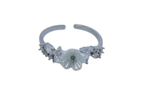 Generic - خاتم مفتوح من الستانلس ستيل بتصميم زهور - فضي
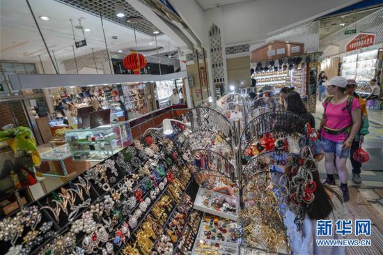 游客在新疆國(guó)際大巴扎景區(qū)購(gòu)買手工藝品(7月13日攝)。
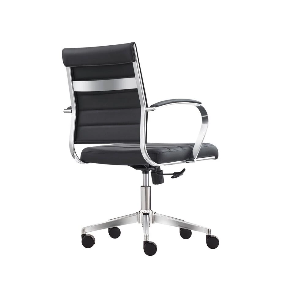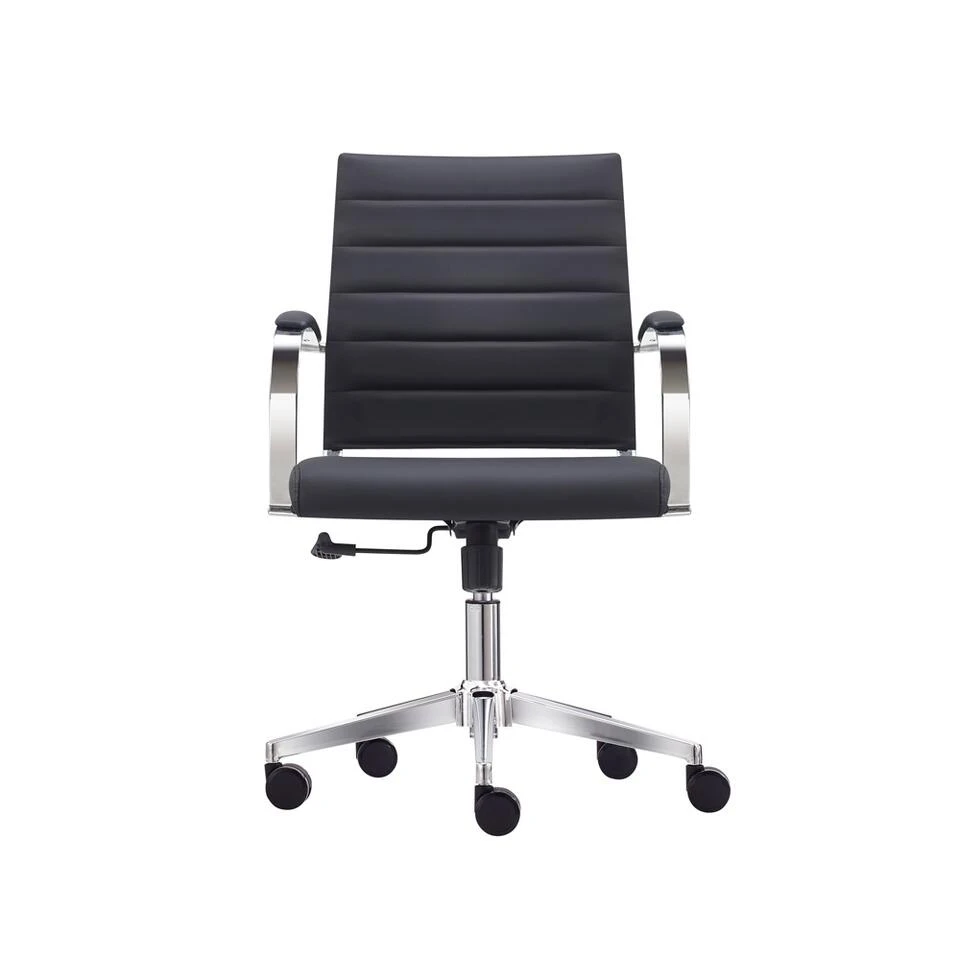 Deze stoel is zeer geschikt voor een luxe kantoor- en vergaderruimte of thuiswerkplek. De bureaustoel is traploos in hoogte verstelbaar door middel van een gasveer. Daarnaast is de stoel voorzien van een kantelmechanisme waardoor je een meer ontspannen zithouding aan kunt nemen tijdens het werken. Middels de draaiknop onder de zitting kun je het kantelen afstemmen op je lichaamsgewicht. Tot slot is de stoel 360° draaibaar om zijn eigen as voor extra gebruiksgemak.
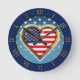 Diese herzförmige amerikanische Flagge ist das perfekte Geschenk für jeden Patrioten. Wenn Sie es anpassen möchten, können Sie das Bild verändern und sogar Ihre eigene Nachricht eingeben! Probieren Sie es aus und machen Sie Ihr einzigartiges personalisiertes Design!
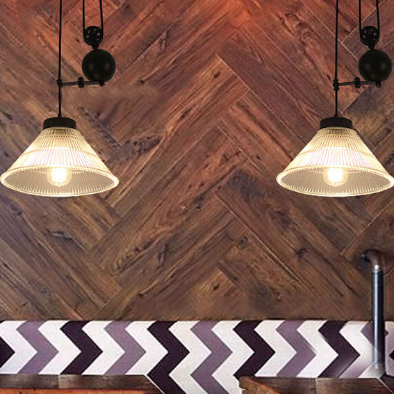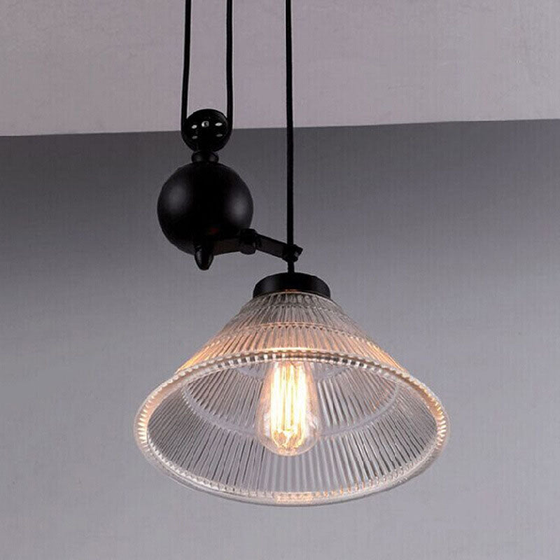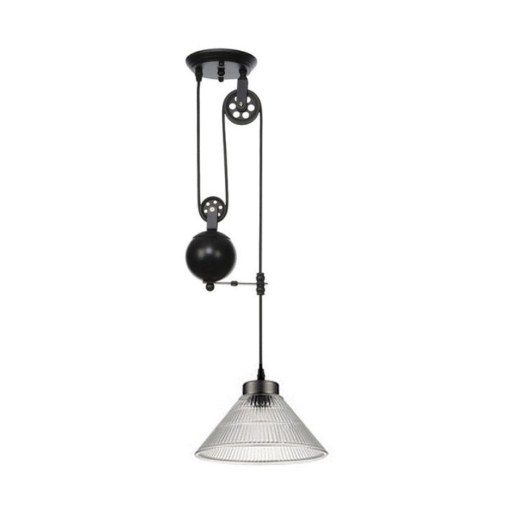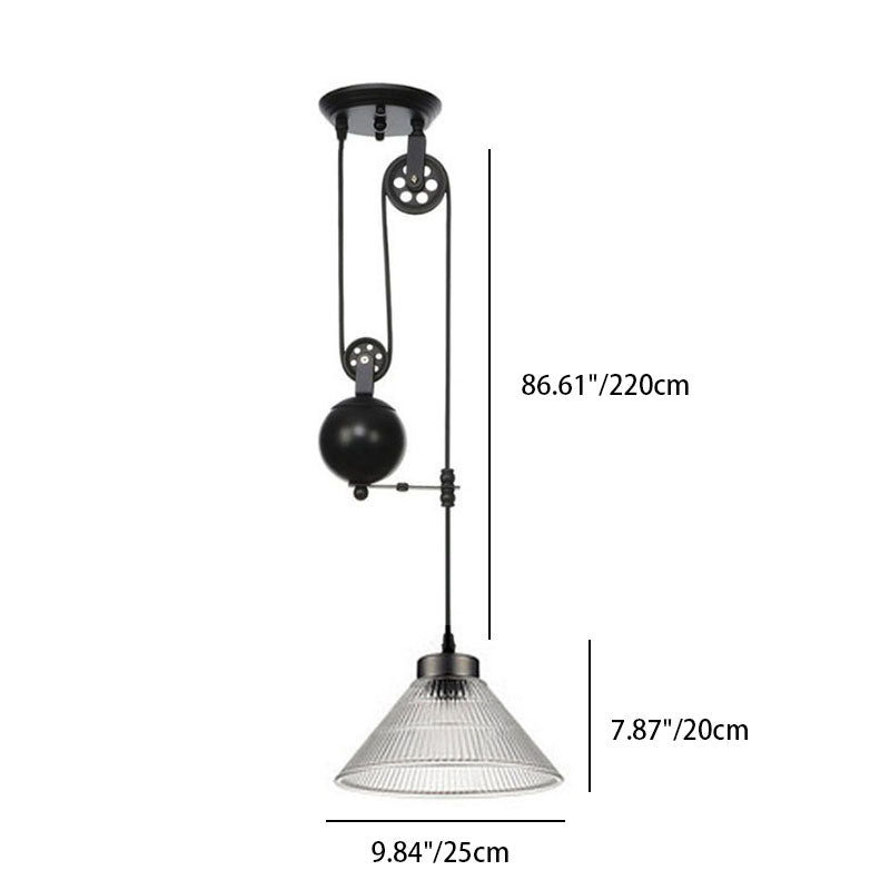 Contemporary Transitional Iron Pulley Liftable Pleated Glass Shade 1-Light Pendant Light For Dining Room

*Exercise goal*: The answer should consist only of the lines above from the one with "游客在新疆國(guó)際大巴" through the one with "Deze stoel is", repeated exactly, with no pictures among them.

*Written response*:
 游客在新疆國(guó)際大巴扎景區(qū)購(gòu)買手工藝品(7月13日攝)。
 Deze stoel is zeer geschikt voor een luxe kantoor- en vergaderruimte of thuiswerkplek. De bureaustoel is traploos in hoogte verstelbaar door middel van een gasveer. Daarnaast is de stoel voorzien van een kantelmechanisme waardoor je een meer ontspannen zithouding aan kunt nemen tijdens het werken. Middels de draaiknop onder de zitting kun je het kantelen afstemmen op je lichaamsgewicht. Tot slot is de stoel 360° draaibaar om zijn eigen as voor extra gebruiksgemak.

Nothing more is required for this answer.